Find the line containing "Купить Конфеты шоколадные", then print it and each following line through the end of the records, exactly and with nothing added; leave out any pictures.

Stored records
= Beginning of Section =

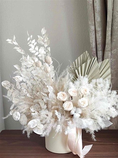 Guests will design a dried floral arrangement inspired by soft neutrals, natural textures, and airy movement.
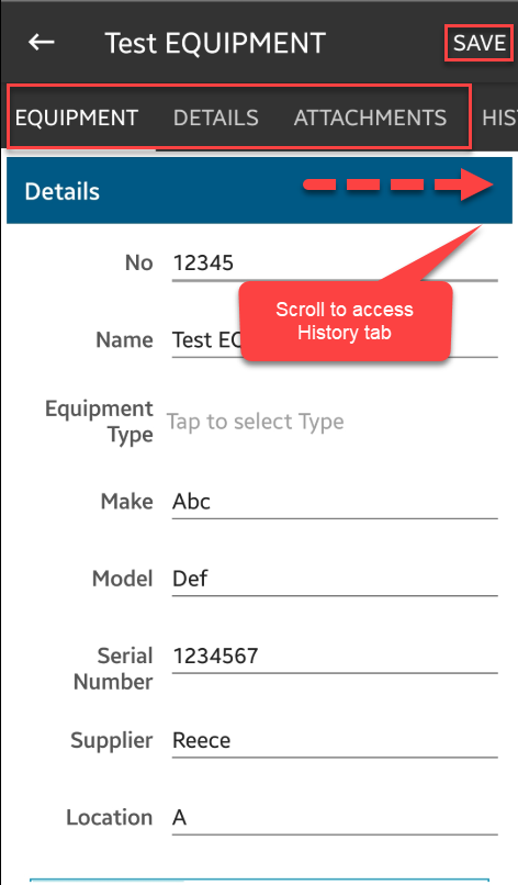 2. You can access the Equipment and Details screen, as well as Attachments and History.
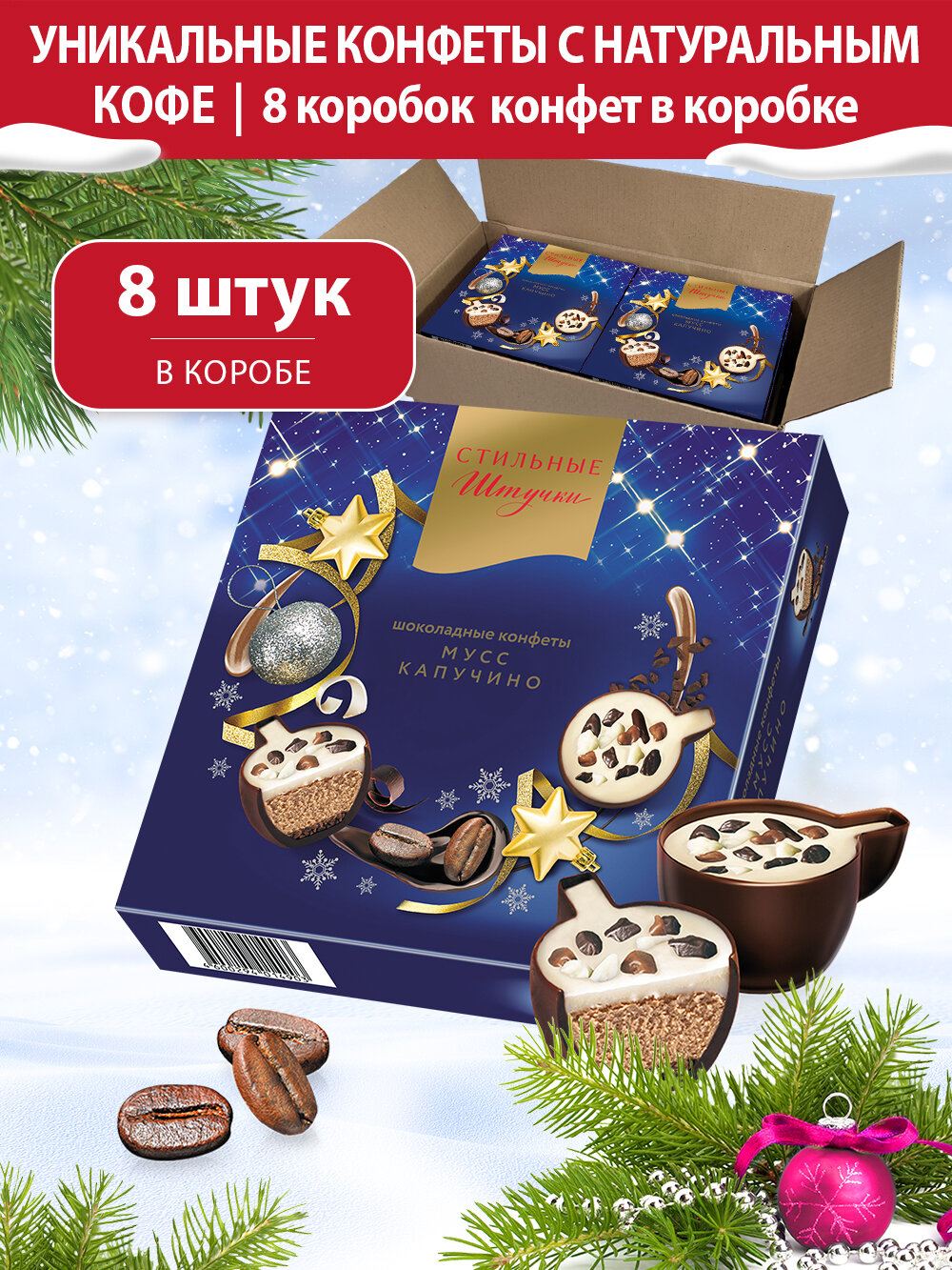 Купить Конфеты шоколадные Стильные штучки Мусс капучино подарочные в новогодней коробке, 8 шт по 104 г
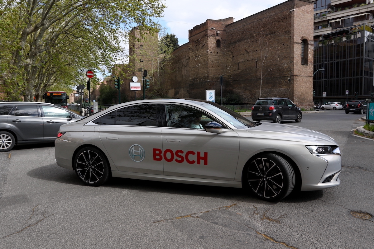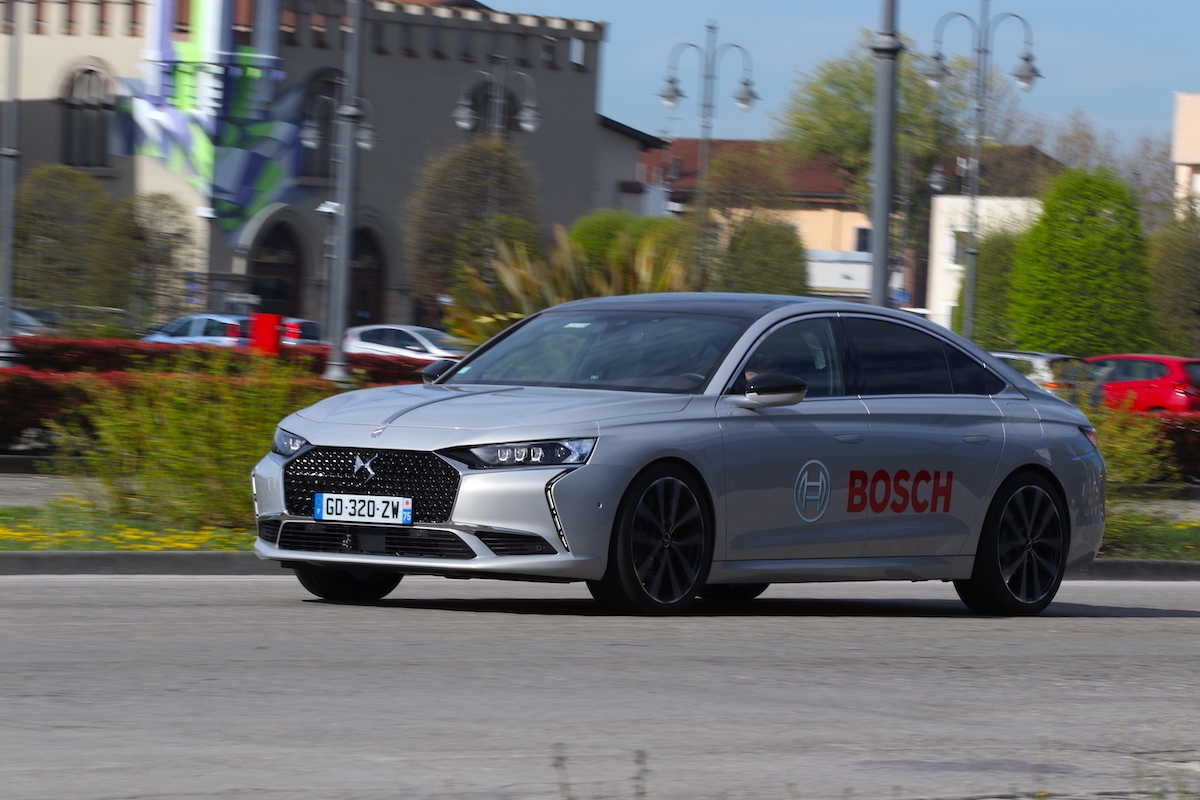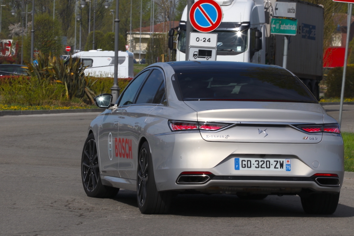 Partiamo per il nostro viaggio dalla sede italiana del supplier Bosch che da anni fornisce tecnologie all’avanguardia alle vetture del gruppo Stellantis. Siamo molto vicini all’autostrada, così impostiamo subito la modalità E-Safe per conservare corrente per la parte finale del nostro viaggio. Il comportamento dinamico è da autentica Gran Turismo sportiva, divertente ma al contempo comodissima: la DS 9 fa capire subito che le lunghe distanze sono il suo terreno d’elezione.
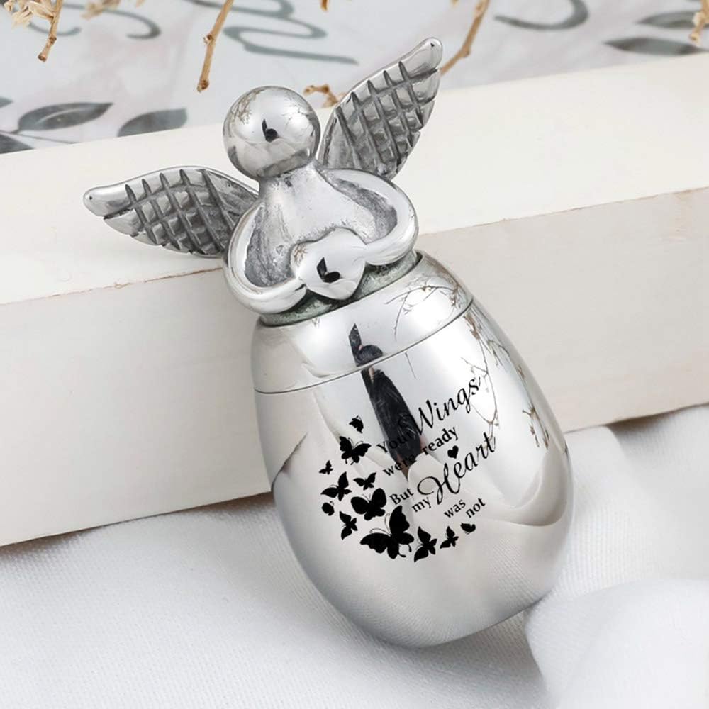 Small Keepsake Urns for Human Ashes Mini Cremation Urns for Ashes Stainless Steel Angel Memorial Ash Jar -Your Wings were Ready, But My Heart was Not (A05)
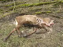 The reserve is the subject of decades of management reports[11][12][13] and protests[14][15] against the large reported number of grazers dying by starvation or shot to death,[16][17] while the animals are kept behind a fence and cannot migrate.[18] During a particularly harsh winter in 2005, many animals in the Oostvaardersplassen died of starvation, leading to public outcry against alleged animal cruelty and leading to the culling strategy.[19] In the winter of 2017–2018, almost 3.300 deer, horses and cattle starved to death[20] dividing[21] the Dutch public[22] and leading to demonstrations and individuals feeding hay to the animals despite police arrests.[23][15]

= End of Section =

◆ Output:
 Купить Конфеты шоколадные Стильные штучки Мусс капучино подарочные в новогодней коробке, 8 шт по 104 г
 Partiamo per il nostro viaggio dalla sede italiana del supplier Bosch che da anni fornisce tecnologie all’avanguardia alle vetture del gruppo Stellantis. Siamo molto vicini all’autostrada, così impostiamo subito la modalità E-Safe per conservare corrente per la parte finale del nostro viaggio. Il comportamento dinamico è da autentica Gran Turismo sportiva, divertente ma al contempo comodissima: la DS 9 fa capire subito che le lunghe distanze sono il suo terreno d’elezione.
 Small Keepsake Urns for Human Ashes Mini Cremation Urns for Ashes Stainless Steel Angel Memorial Ash Jar -Your Wings were Ready, But My Heart was Not (A05)
 The reserve is the subject of decades of management reports[11][12][13] and protests[14][15] against the large reported number of grazers dying by starvation or shot to death,[16][17] while the animals are kept behind a fence and cannot migrate.[18] During a particularly harsh winter in 2005, many animals in the Oostvaardersplassen died of starvation, leading to public outcry against alleged animal cruelty and leading to the culling strategy.[19] In the winter of 2017–2018, almost 3.300 deer, horses and cattle starved to death[20] dividing[21] the Dutch public[22] and leading to demonstrations and individuals feeding hay to the animals despite police arrests.[23][15]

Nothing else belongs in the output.